##### Exercise data #####

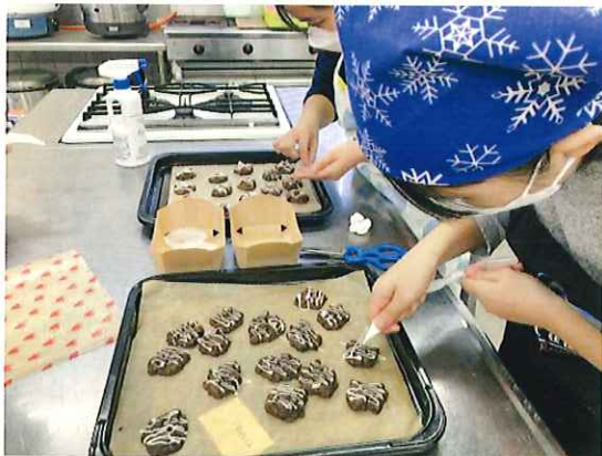
いい感じに焼き上がりました
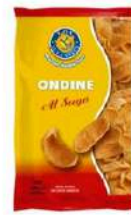
1 BUSTA ONDINE GR.250
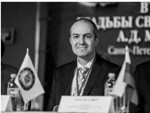
Газета «Менеджер» № 15, 28 сентября

Декан факультета экономики и бизнеса УПН Вюрцбурга – Швайнфурта, профессор Х. Больсингер, выступая на торжественной церемонии посвящения в студенты первокурсников СПбУТУиЭ, выразил сожаление, что он не говорит на русском языке. «Международный отдел нашего университета имеет сотрудников, для которых русский – родной язык, так как Россия очень важный партнер для Германии. А для нас один из важнейших партнеров – Санкт-Петербургский университет технологий управления и экономики. Мы сотрудничаем уже 5 лет. Вы будете формировать будущее этой страны, и вам очень повезло, что ваше будущее начинается здесь», – заверил первокурсников профессор.
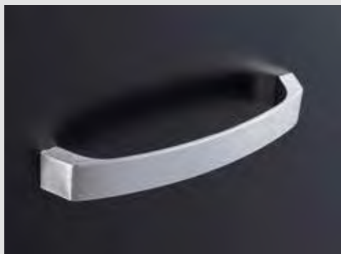
Asa central metálica satinada
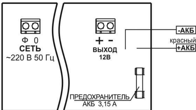
Рисунок 2 — схема подключения.
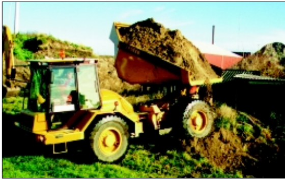
Anfang des Abladen.
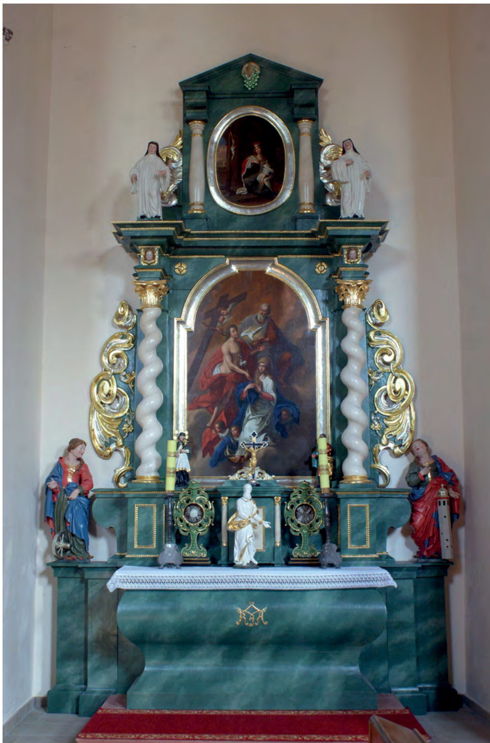
2 Matthäus Knote (atryb. dolnej kondygnacji z głównymi figurami), ołtarz Wniebowzięcia Najświętszej Marii Panny w kościele Narodzenia Najświętszej Marii Panny w Okrzeszynie, ok. 1662–1668.

dominium krzeszowskich mnichów – nie zachowały się ani w oryginalnej postaci, ani w pierwotnym kontekście. Żadnej z nich nie wymieniają protokoły wizytacyjne z lat 1667–1668. Najbardziej prawdopodobne wydaje się ich przeniesienie około 1728 r., z burzonego w tym czasie średniowiecznego kościoła opackiego w Krzeszowie.
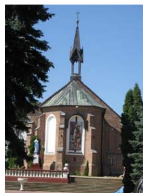
Kościół p.w. Mikołaja Biskupa Grójec ul. Worowska 1
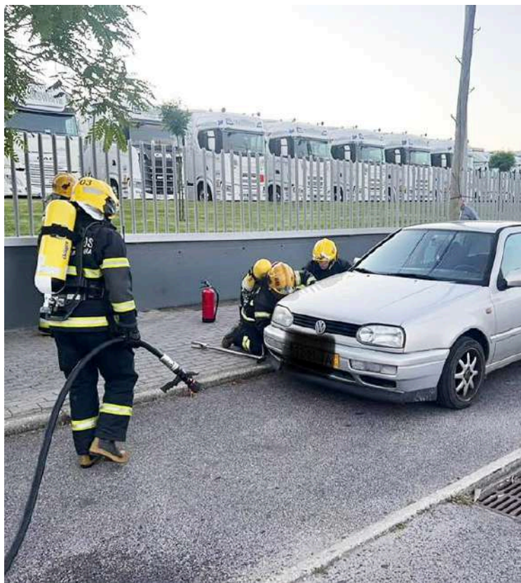
Os bombeiros resolveram uma situação de aquecimento anormal com bastante fumo a emanar da zona do motor de um carro estacionado na Zona Industrial das Caldas da Rainha

#####

[Instructions for the task]: Give back exactly the lines from the opening of the listing through the line holding "Kościół p.w. Mikołaja", both ends included, with every picture omitted.

[Solution to this problem]:
いい感じに焼き上がりました
1 BUSTA ONDINE GR.250
Газета «Менеджер» № 15, 28 сентября

Декан факультета экономики и бизнеса УПН Вюрцбурга – Швайнфурта, профессор Х. Больсингер, выступая на торжественной церемонии посвящения в студенты первокурсников СПбУТУиЭ, выразил сожаление, что он не говорит на русском языке. «Международный отдел нашего университета имеет сотрудников, для которых русский – родной язык, так как Россия очень важный партнер для Германии. А для нас один из важнейших партнеров – Санкт-Петербургский университет технологий управления и экономики. Мы сотрудничаем уже 5 лет. Вы будете формировать будущее этой страны, и вам очень повезло, что ваше будущее начинается здесь», – заверил первокурсников профессор.
Asa central metálica satinada
Рисунок 2 — схема подключения.
Anfang des Abladen.
2 Matthäus Knote (atryb. dolnej kondygnacji z głównymi figurami), ołtarz Wniebowzięcia Najświętszej Marii Panny w kościele Narodzenia Najświętszej Marii Panny w Okrzeszynie, ok. 1662–1668.

dominium krzeszowskich mnichów – nie zachowały się ani w oryginalnej postaci, ani w pierwotnym kontekście. Żadnej z nich nie wymieniają protokoły wizytacyjne z lat 1667–1668. Najbardziej prawdopodobne wydaje się ich przeniesienie około 1728 r., z burzonego w tym czasie średniowiecznego kościoła opackiego w Krzeszowie.
Kościół p.w. Mikołaja Biskupa Grójec ul. Worowska 1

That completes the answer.